→ **What needs to be done**: From the data that follows, print exactly the lines starting at the one containing "Suzy began her" and ending at the one containing "A pair of Japanese"; include both of them and nothing more.

Material for this task START

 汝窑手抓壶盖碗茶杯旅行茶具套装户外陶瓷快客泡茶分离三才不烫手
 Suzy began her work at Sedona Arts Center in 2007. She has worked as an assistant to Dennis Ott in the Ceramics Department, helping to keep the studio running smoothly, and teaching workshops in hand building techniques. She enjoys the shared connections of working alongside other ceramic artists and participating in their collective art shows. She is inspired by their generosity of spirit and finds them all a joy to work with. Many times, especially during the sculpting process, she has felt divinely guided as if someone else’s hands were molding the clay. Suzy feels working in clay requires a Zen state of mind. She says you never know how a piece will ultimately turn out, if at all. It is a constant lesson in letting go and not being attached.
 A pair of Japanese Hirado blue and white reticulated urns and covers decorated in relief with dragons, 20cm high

Material for this task END
Material for this task START

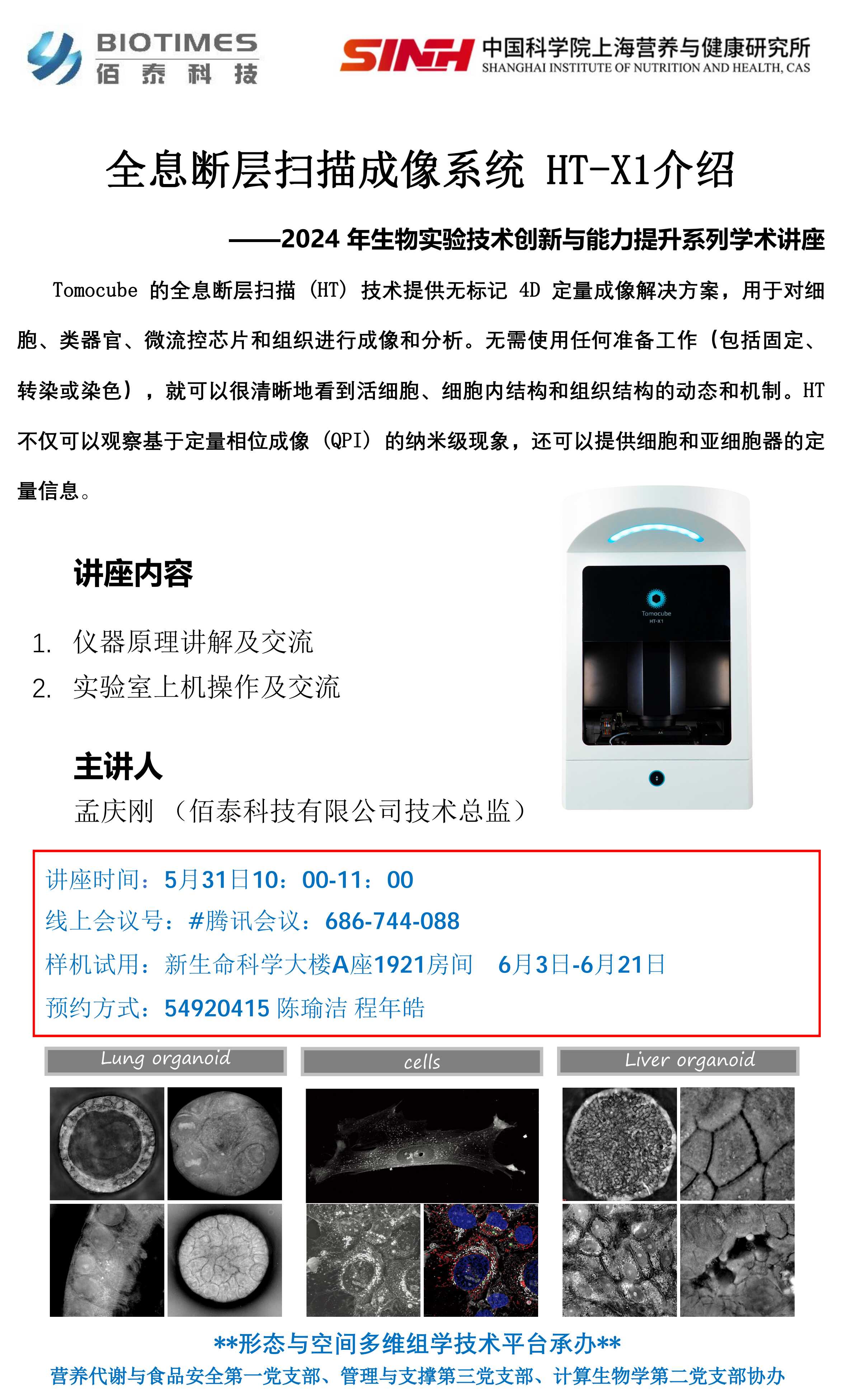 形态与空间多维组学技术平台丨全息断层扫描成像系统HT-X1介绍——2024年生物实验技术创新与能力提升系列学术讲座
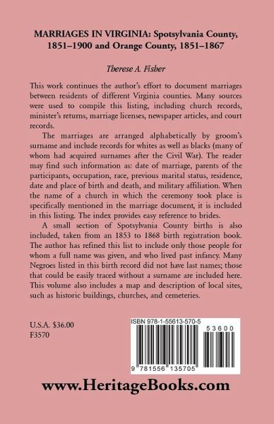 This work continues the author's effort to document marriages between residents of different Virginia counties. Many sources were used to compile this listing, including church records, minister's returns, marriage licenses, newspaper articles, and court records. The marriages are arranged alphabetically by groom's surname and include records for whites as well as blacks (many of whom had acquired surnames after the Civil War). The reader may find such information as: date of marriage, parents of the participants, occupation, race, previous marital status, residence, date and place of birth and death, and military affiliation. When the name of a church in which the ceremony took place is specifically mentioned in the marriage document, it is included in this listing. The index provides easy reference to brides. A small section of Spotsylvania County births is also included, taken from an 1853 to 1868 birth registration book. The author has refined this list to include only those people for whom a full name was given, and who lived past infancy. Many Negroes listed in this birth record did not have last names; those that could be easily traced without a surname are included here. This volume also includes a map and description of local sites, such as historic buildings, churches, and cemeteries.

Material for this task END

→ **Result for this task**:
 Suzy began her work at Sedona Arts Center in 2007. She has worked as an assistant to Dennis Ott in the Ceramics Department, helping to keep the studio running smoothly, and teaching workshops in hand building techniques. She enjoys the shared connections of working alongside other ceramic artists and participating in their collective art shows. She is inspired by their generosity of spirit and finds them all a joy to work with. Many times, especially during the sculpting process, she has felt divinely guided as if someone else’s hands were molding the clay. Suzy feels working in clay requires a Zen state of mind. She says you never know how a piece will ultimately turn out, if at all. It is a constant lesson in letting go and not being attached.
 A pair of Japanese Hirado blue and white reticulated urns and covers decorated in relief with dragons, 20cm high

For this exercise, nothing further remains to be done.